Our and previous study confirmed the presence of stronger esterase activity in the most resistant chlorpyrifos samples (samples # 1 and 2) [8,18,25-39]. The esterase activity is very variable between individuals of the same sample, as evidenced by the results observed on single individuals after starch gel electrophoresis of the extracts, but it is clear that the proportion of individuals with high esterase activity is more important in samples where resistance is high. This heterogeneity of esterase activity may reflect a mixture of individuals with different levels of resistance.
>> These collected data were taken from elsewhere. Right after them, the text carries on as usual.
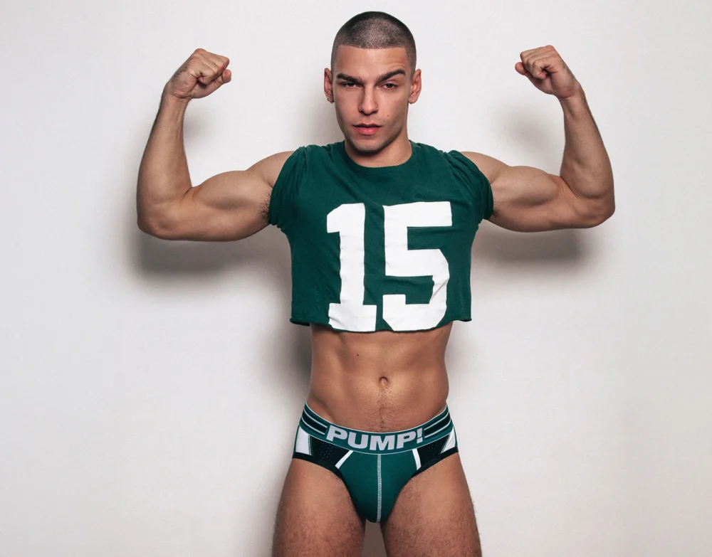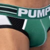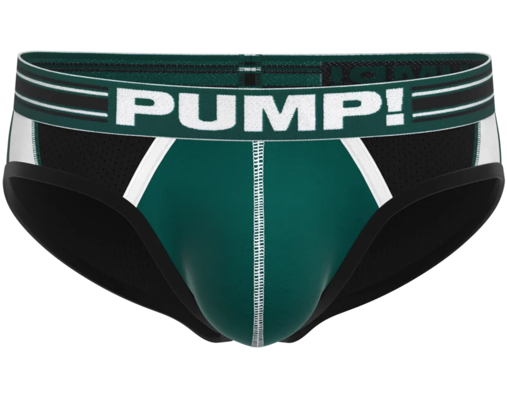 BOOST Briefs really highlight a combination of use in fabrics. its multi panel body is comprised of various colors in both cotton and mesh along with contrasted piping and stitching on angles that accentuate the body. The mesh backside delivers comfort and breathability.  Topped by the PUMP! signature waistband, this brief is a confidence booster.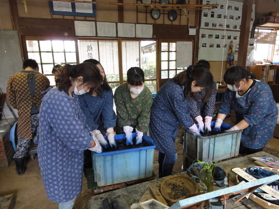 そして、藍につけます。その日によって変化をする藍。色も変わるそうです。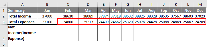 Now, simultaneously apply for other months, i.e., select cell E19, click the cell’s lower right corner, and drag it across to cell P19. Excel copies the function and border to the other cells.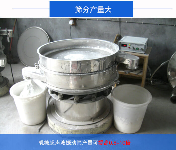 超聲波振動篩比不安裝超聲波的振動篩過網(wǎng)率增加5-20倍,篩分精度可提高1—70%,在保證篩分效果的前提下,乳糖超聲波振動篩產(chǎn)量可提高0.5-10倍。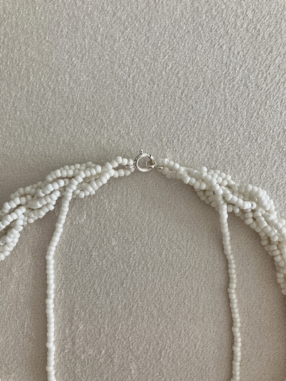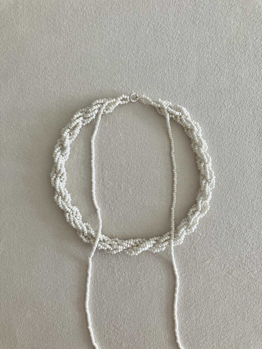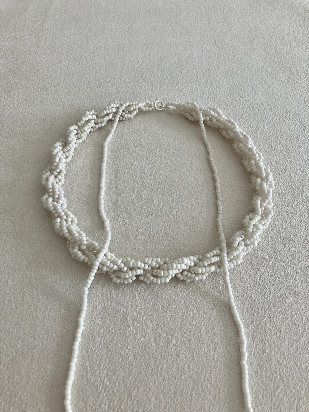 - 2023 S/S ¨Rope Aesthetics¨ - 밧줄의 꼬임에서 영감을 받은 이번 컬렉션은 한알 한알 비즈를 손으로 엮어 모양을 만들어 내는 전통적인 기법으로 제작되었습니다. - 한방울 그레이 빛을 머금은듯한 탁한 아이보리 컬러로 마치 바다의 모래를 한알 한알에 담아 낸듯한 Greyish ivory. - 로프 네크리스에 롱 한 길이감의 네크리스를 함께 엮어 원하는 무드로 다양한 연출이 가능 (탈부착 불가능) - Sterling Silver 클래습으로 마감 *비즈의 공정과정상 회색이나 검은색의 줄이나 점등이 희미하게 보일 수 있습니다.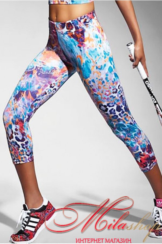 Красивые и удобные капри для спорта выполнены из приятной и эластичной ткани с цветным принтом.

It would therefore be important in the future to determine precisely the nature of the link between the resistance rate and the esterase activity it contains each individual, since the analysis of this activity is likely to provide the vector control staff with valuable insight into the level of resistance to organophosphorus insecticides existing or likely to develop in each population.

Our study showed that oxidative metabolism accounted for only a small part of the resistance to chlorpyrifos. Similar results were previously obtained In Tunisia and in other countries of the world on several insects [8,18,37,40].

Acknowledgements

This work was kindly supported by the Ministry of Higher Education and Scientific Research of Tunisia by funds allocated to the Research Unit (Génétique 02/UR/08-03) and by DHMPE of the Minister of Public Health of Tunisia. We are very grateful to S. Ouanes, for technical assistance, A. Ben Haj Ayed and I. Mkada for help in bioassays, S. Saïdi, Tunisian hygienist technicians for help in mosquito collecting, and M. Nedhif and M. Rebhi for their kind interest and help.